Data Encryption Startup Settles SEC Charges for Unregistered ICO

Enigma MPC raised approximately $45 million from 6,000 investors.

Data encryption startup Enigma MPC has settled charges with the US Securities and Exchange Commission (SEC) for conducting an unregistered initial coin offering (ICO). The company has agreed to return funds to harmed investors through a claims process, register its tokens as securities, file periodic reports with the SEC, and pay a $500,000 penalty.

According to the SEC’s order, Enigma raised approximately $45 million from the sale of 75 million digital assets called ENG Tokens to 6,000 people from an ICO in 2017. However, the regulator said, Enigma violated the Securities Act because it did not have a registration statement filed or in effect with the SEC and did not qualify for an exemption from registration. The company issued the ENG Tokens to investors through wholly owned Cayman Islands-based subsidiary Enigma ENG International Ltd.

Enigma MPC, formerly known as Newton Security Labs Inc., is a privately owned company based in Israel and San Francisco. It was established in 2015 to facilitate the sharing and analysis of encrypted data without decrypting it. Enigma marketed its Enigma Protocol, a technological and cryptographic method to end users in the health care and finance industries as a way to securely share data. According to the SEC, Enigma changed its business model in 2017 and announced that it planned to use the Enigma Protocol to develop a digital asset trade-testing platform called the “Catalyst Application” and to build a data marketplace for cryptocurrency-related data called the Enigma DataMarketplace.

The SEC said that between approximately June and September of 2017, Enigma promoted its ENG Token ICO on websites it maintained and through blog posts, social media posts, online videos, and online discussion boards.

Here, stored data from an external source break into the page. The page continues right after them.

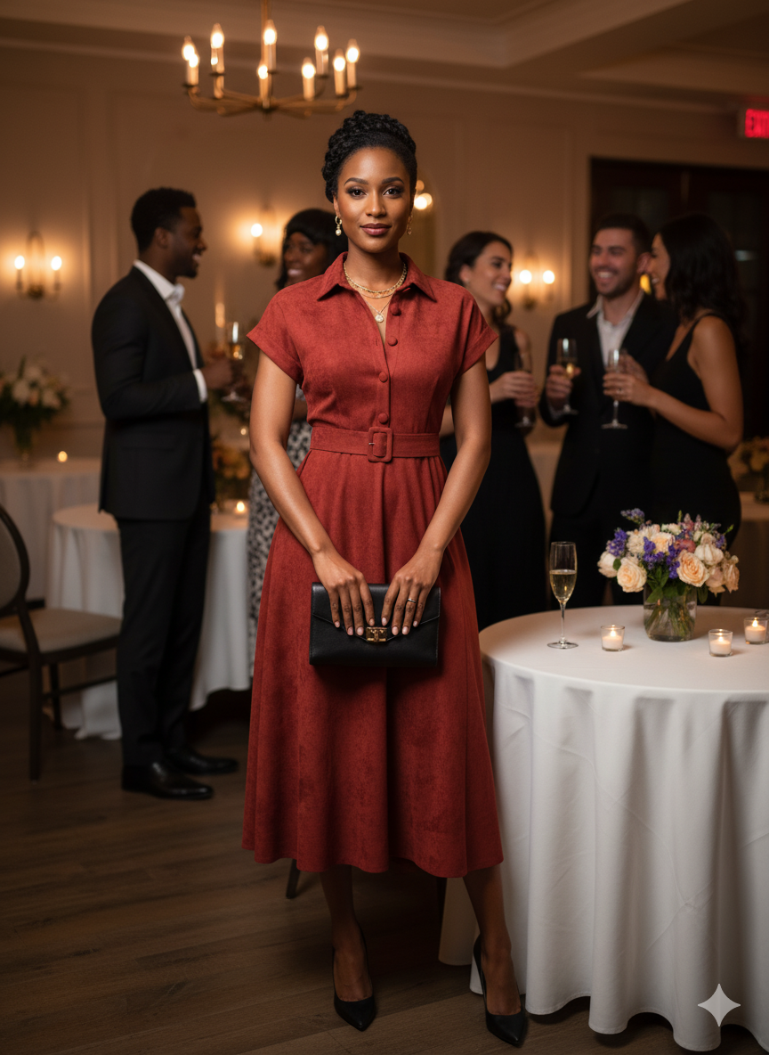 Step out in style with our Rust Velvet Affair, a luxurious short sleeve midi dress perfect for any outing or day at the office. Exude elegance and sophistication with this exquisite piece, perfect for any occasion.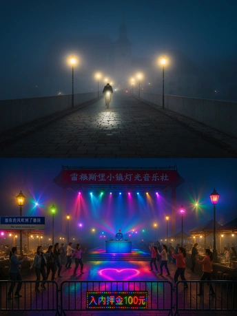 不知为何很多景区热衷于把原本自然、宁静、古朴、震撼等等各种风格的风景,全部都加上五彩射灯,开上酒吧烧烤店,一通改造成夜店蹦迪风。 图一利用AIGC技术,参考国内最近引起热议的某景点改造方法(图二图三),我对德国雷根斯堡的石桥拍摄点进行了“景区升级打造”,不知道大家感觉如何呢? 图上拍摄:哈苏X1D 35mm F4 1/25s ISO400 图下制作:Sora+Flux+Photoshop AI
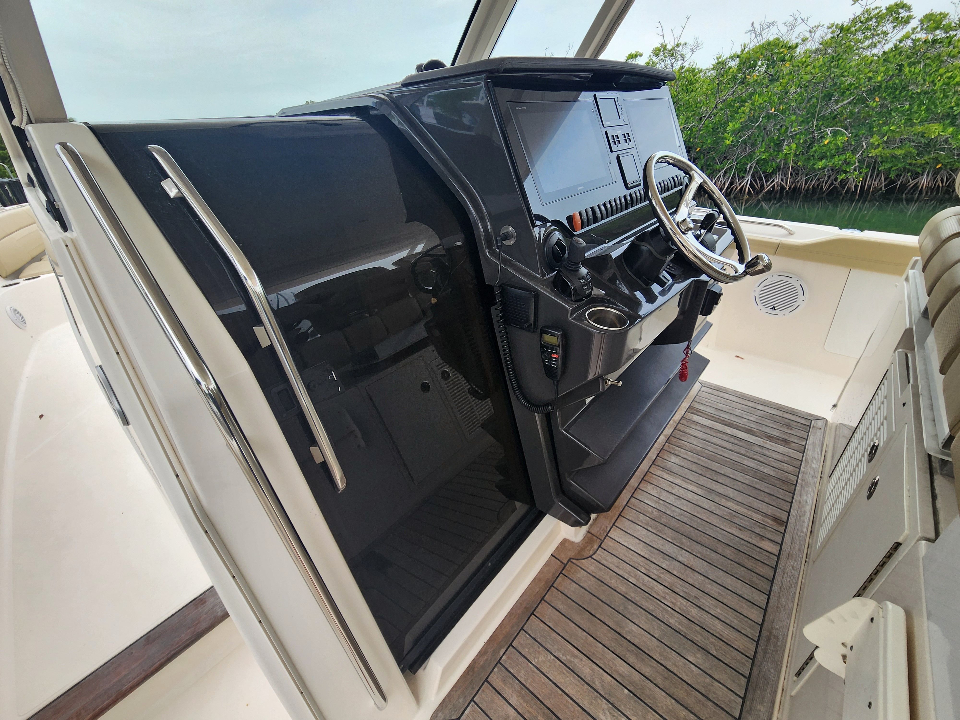 The 2017 Pursuit S 408 Center Console shines in a variety of scenarios, making it a versatile choice for any boating enthusiast. For families, it offers a safe and spacious platform for day trips, picnics, and water sports. Anglers will appreciate the ample deck space and easy access to all areas of the boat, making it perfect for both inshore and offshore fishing adventures. Those seeking luxury and relaxation will find the Pursuit S 408 equally appealing, with its comfortable seating and stylish design creating the perfect setting for sunset cruises, weekend getaways, or entertaining friends. No matter how you choose to enjoy your time on the water, this Pursuit boat for sale is equipped to deliver exceptional experiences.
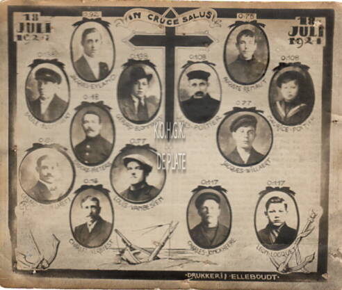 Gedenkt in uw gebeden dezielen van Basiel Blommaert (O.138), Charles Jonckheere (O.117), Charles Verbiest (O.16), Isidoor Pieters (O.18), Julien Poitier (O.108), Jacques Willaert (O.77), Louis Vanbesien (O.77), August Remaut (O.75), Jaak Eyland (O.92), Gerard Maldeghem (O.92), Gerard Blommaert (O.138), Maurice Pottier (O.108) en Leon Locquet (O.117)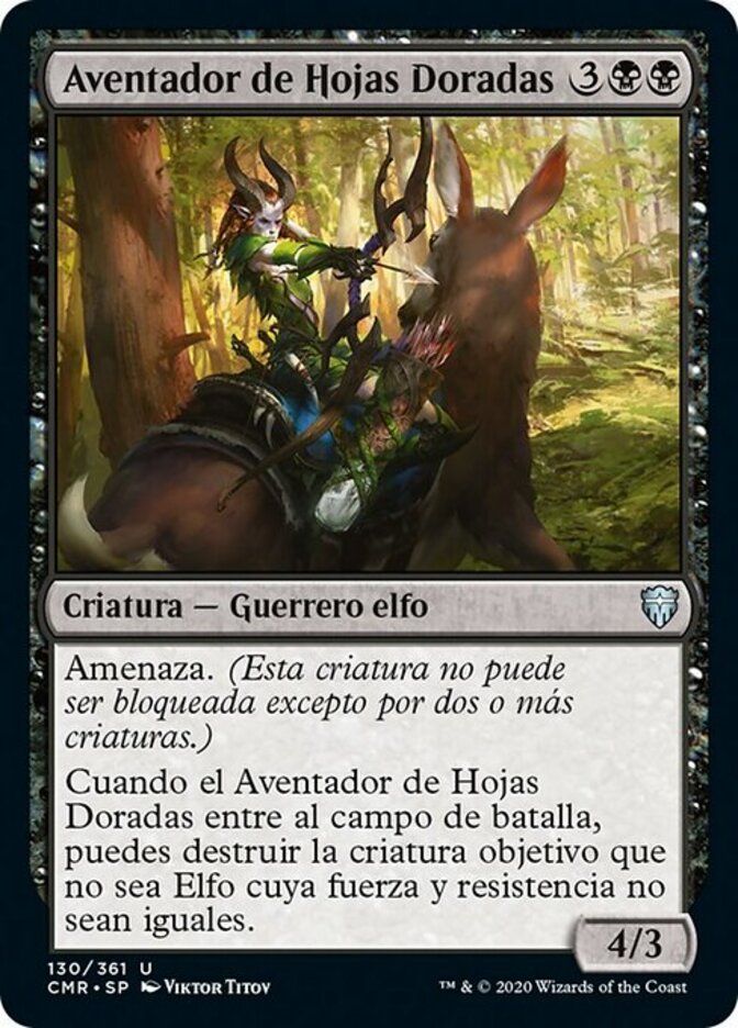| Rules | Menace (This creature can't be blocked except by two or more creatures.) When Gilt-Leaf Winnower enters the battlefield, you may destroy target non-Elf creature whose power and toughness aren't equal. |

In its promotional materials, Enigma highlighted that the company was founded by “an MIT-bred team of experts, backed by top-tier investors.” The company also publicized the names of various Enigma advisers and described the advisers’ experience in the digital asset and business worlds and posted a white paper that described the technology Enigma proposed to build.

According to the order, Enigma paid promoters and others to tout Enigma as a good investment opportunity. It said Enigma engaged in a so-called “bounty campaign,” by offering ENG Tokens to third parties in exchange for promoting the ICO and Enigma Catalyst through social media, blogging, or for translating Enigma promotional materials into other languages.

The SEC said Enigma also sought to generate more interest in its ENG Tokens by working to have the tokens traded on secondary market digital asset trading platforms.

In what it referred to as the “pre-sale” portion of its offering, Enigma sold ENG Tokens in exchange for US dollars, Bitcoin, or Ether through a purchase agreement it called a “Simple Agreement for Future Tokens” or SAFT. These ENG Tokens were sold at a 10% discount relative to the ENG Tokens it later sold. The ENG Tokens sold through the SAFTs were supposed to be sold only to accredited investors. As part of the same offering, Enigma also conducted a one-day “crowd sale” and sold tokens to any and all general public investors.

“All investors are entitled to receive certain information from issuers in connection with a securities offering, whether it involves more traditional assets or novel ones,” John Dugan, associate director for enforcement in the SEC’s Boston Regional Office, said in a statement. “The remedies in today’s order provide ICO investors with an opportunity to obtain compensation and provide investors with the information to which they are entitled as they make investment decisions.”

Enigma consented to the SEC’s order without admitting or denying its findings.